What are the four types of student loans?
Millions of people take out students loans every year and there are several options with different eligibility requirements and repayment conditions.
The vast majority of student loans taken out in the United States are provided by the federal government, with the Department of Education acting as lender for millions of students every year.
Typically the federal loans come with more favourable terms than the private student loans that are also on the market, and there are a variety of federal student loans available. They all include some level of interest payments, meaning that the size of the debt will grow the longer that it remains unpaid, but by thinking through the options you can find the one that works for you
Four types of federal student loans
Currently the Department of Education is enacting a temporary period of covid-19 emergency relief for students with federal student loans. Until 31 January 2022 there is a 0% interest rate on all loans and they have stopped collections on defaulted loans. The information in this article refers to the standard conditions which will come into effect from February.
Direct subsidized loans
The subsidized loans are available for undergraduates who satisfy conditions proving that they have a specific financial need. If eligible, you will be able to take advantage of more favourable terms and certain interest-free periods.

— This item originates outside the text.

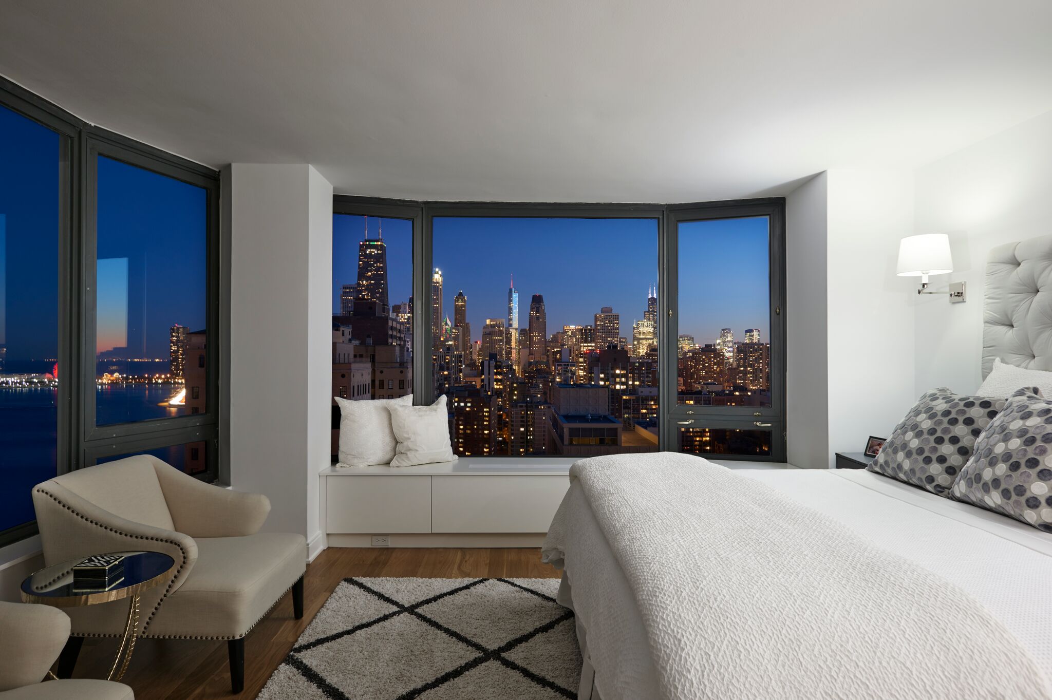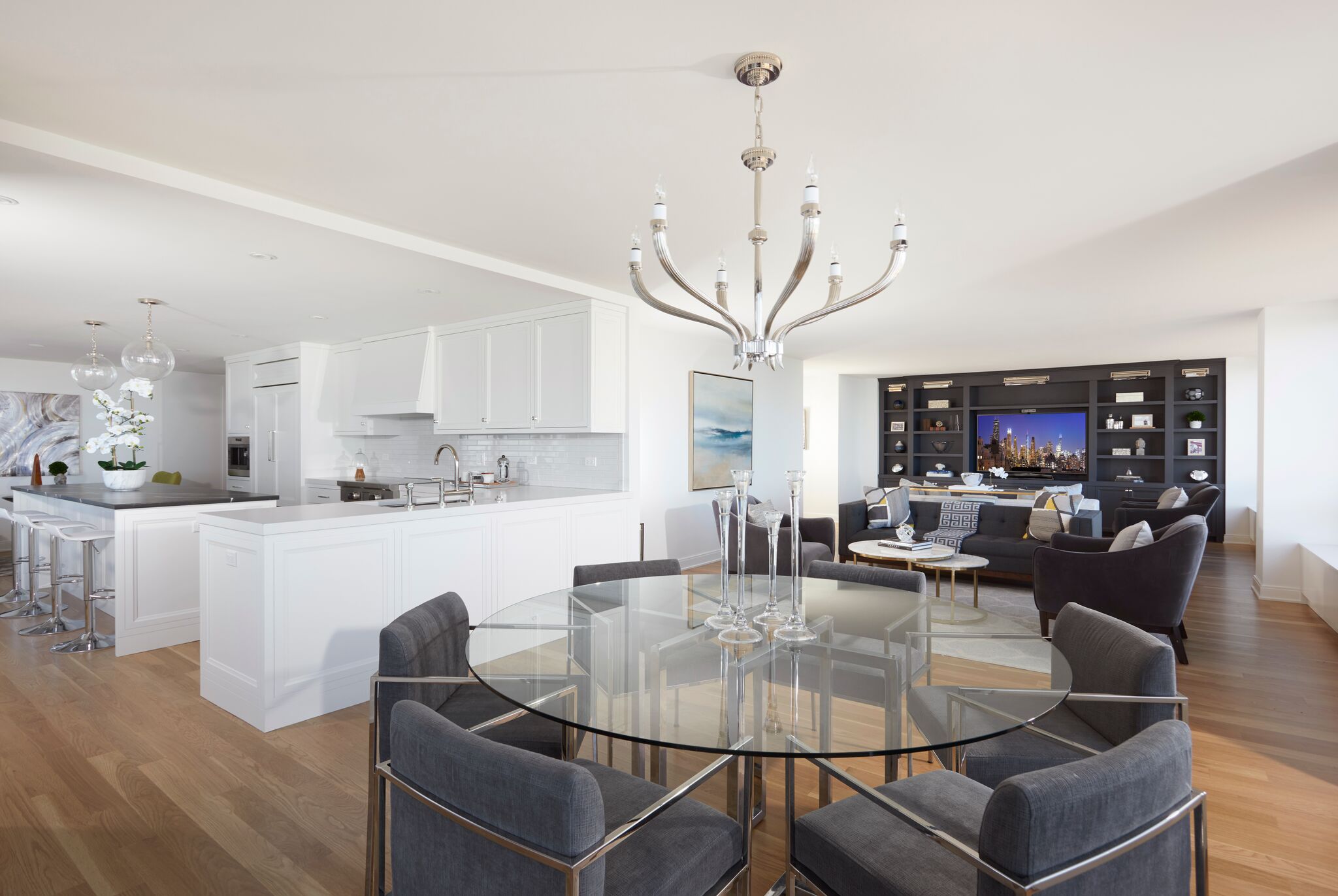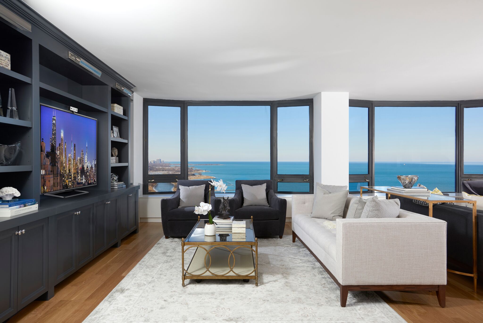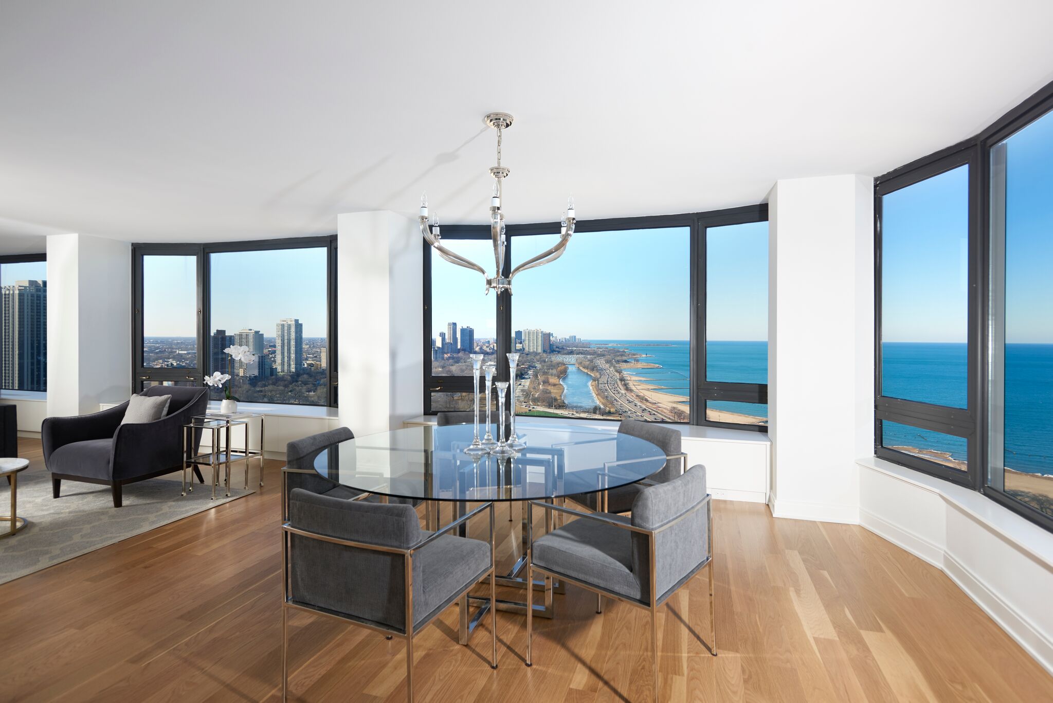 Breathtaking views in every direction throughout this 3 bedroom half floor residence. Complete renovation with exquisite finishes to appeal to the most particular buyers with solid oak floors, custom cabinetry, new electrical work, and Ann Sacks tile. Oversized living space with dramatic built-ins with picture lights, art wall, and impressive corner dining room. Custom eat-in kitchen with top of the line Subzero and Wolf appliance package, New Style cabinetry, Kallista fixtures, and Silestone Quartz counters and back splash. Southeast corner master suite with views of Lake Michigan and the Chicago skyline, a 11’x12’ WIC with built-in island with drawers on 2 sides, and spa-like bath with steam shower. Two additional bedrooms, a bold powder room, and laundry room round out this floor plan. Doorman, gym, pool, tennis court, on-site management and maintenance staff. Parking is $175 per space with complimentary guest parking.

Currently the interest rate for this time of student loan is 2.75%, fixed for the entirety of the loan. There is also an origination fee, which is deducted proportionately from each loan payment you receive. Direct subsidized loans are also eligible for additional loan forgiveness programmes, and offer several repayment plans designed to support recipients through financial difficulties.
Direct unsubsidized loans
Unlike the subsidized version, the direct unsubsidized loans accrue interest throughout their lifetime (except in exceptional circumstances, such as the covid-19 relief period). Subsidized loans are available to both undergraduates and post-graduates and there are no financial requirements to enrol.
The interest rate, origination fee and forgiveness options for unsubsidized loans are the same as for the subsidized version. However the annual interest rate for graduates and professional students is considerably higher and currently sits at 4.3%.
Direct PLUS loans
Direct PLUS loans are available for graduate and professional students (Grad PLUS loan) or parents of dependent undergraduate students (Parent PLUS loan). Both the subsidized and unsubsidized loans have a borrowing limit and the Direct PLUS options are a boost in case the primary loan is not sufficient.
A credit check may be required but applicants with an insufficient credit history may still be able obtain a Direct PLUS loan through use of a co-signer or endorser. However bear in mind that these loans have a higher interest rate of 5.3% and an origination fee of 4.228%.
Direct Consolidation Loans
Unlike the other types of federal loans, Direct Consolidation Loans are typically requested after the student graduates and are used to combine any eligible student loans into a single loan.
There is no application fee and the interest rate will be weighted to reflect the various terms and conditions of the loans included in the package. You can tie consolidation loans to income levels, meaning that you repay at a rate that is related to your earnings.
Utilising a Direct Consolidation Loan can make repayment simpler by combining all payments into a single package, but you can risk losing out on access to some benefits programmes if you choose to consolidate the loans. You will lose the credit gained in Public Service Loan Forgiveness (PSLF) plans you are engaged in if you take out a Direct Consolidation Loan.